EXERCISE: Take the lines from the one with "Žiema Lietuvoje. Ten, kaip" through the last line of the material below and write them out exactly, without any pictures.

DATA BLOCK:
_ _ _ _ _

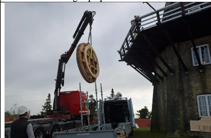
Det ny stjernehjul på 450 kg på vej
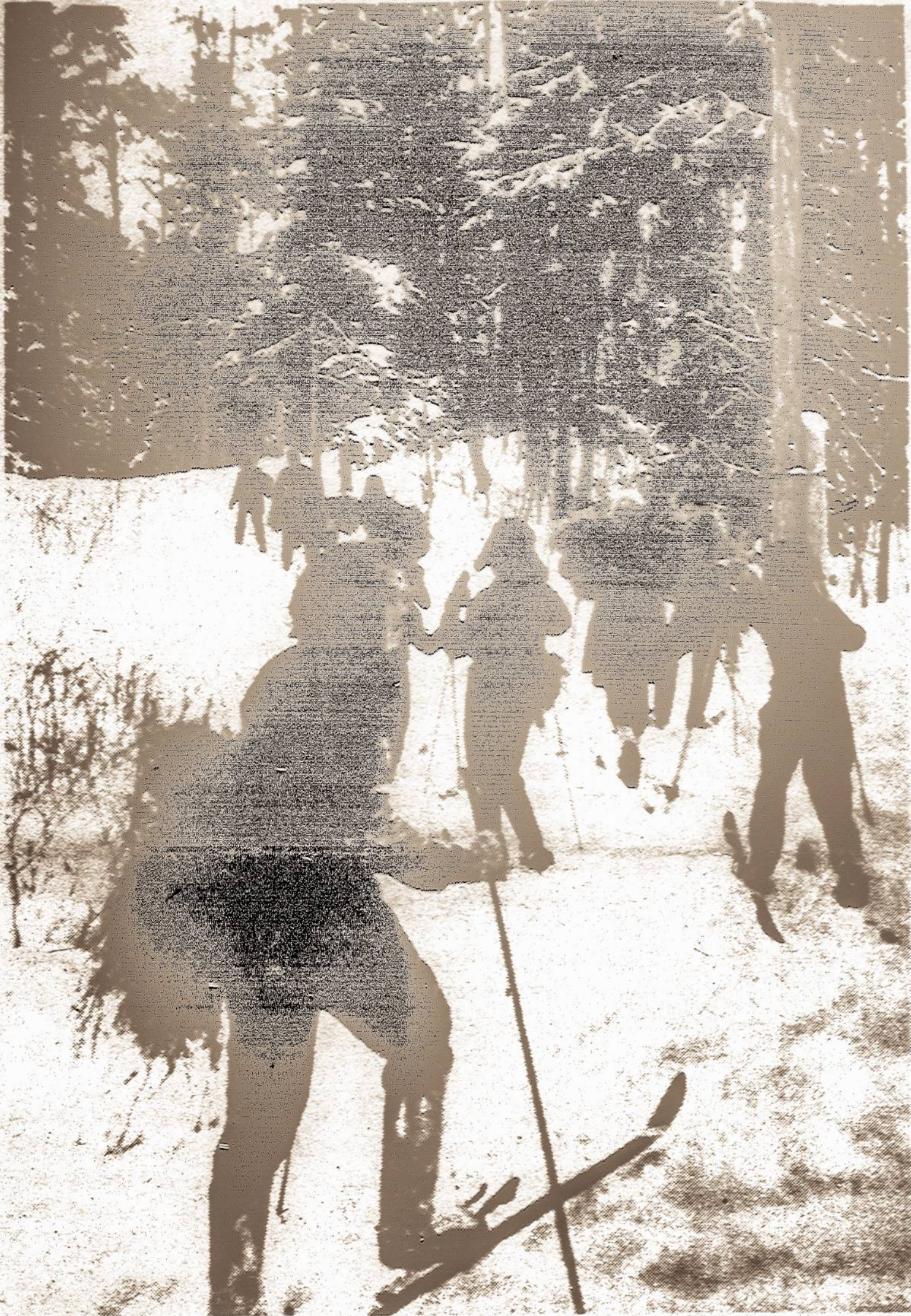
Žiema Lietuvoje. Ten, kaip ir čia, slidinėjimas yra mėgiamiausias žiemos sportas.
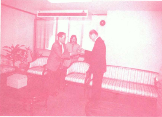
ผู้บริหารทบวงฯ นำโดยปลัดทบวงฯ เข้าอวยพรปีใหม่ 2537 ฯพณฯ รัฐมนตรีว่าการทบวงฯ

_ _ _ _ _

RESPONSE BOX:
Žiema Lietuvoje. Ten, kaip ir čia, slidinėjimas yra mėgiamiausias žiemos sportas.
ผู้บริหารทบวงฯ นำโดยปลัดทบวงฯ เข้าอวยพรปีใหม่ 2537 ฯพณฯ รัฐมนตรีว่าการทบวงฯ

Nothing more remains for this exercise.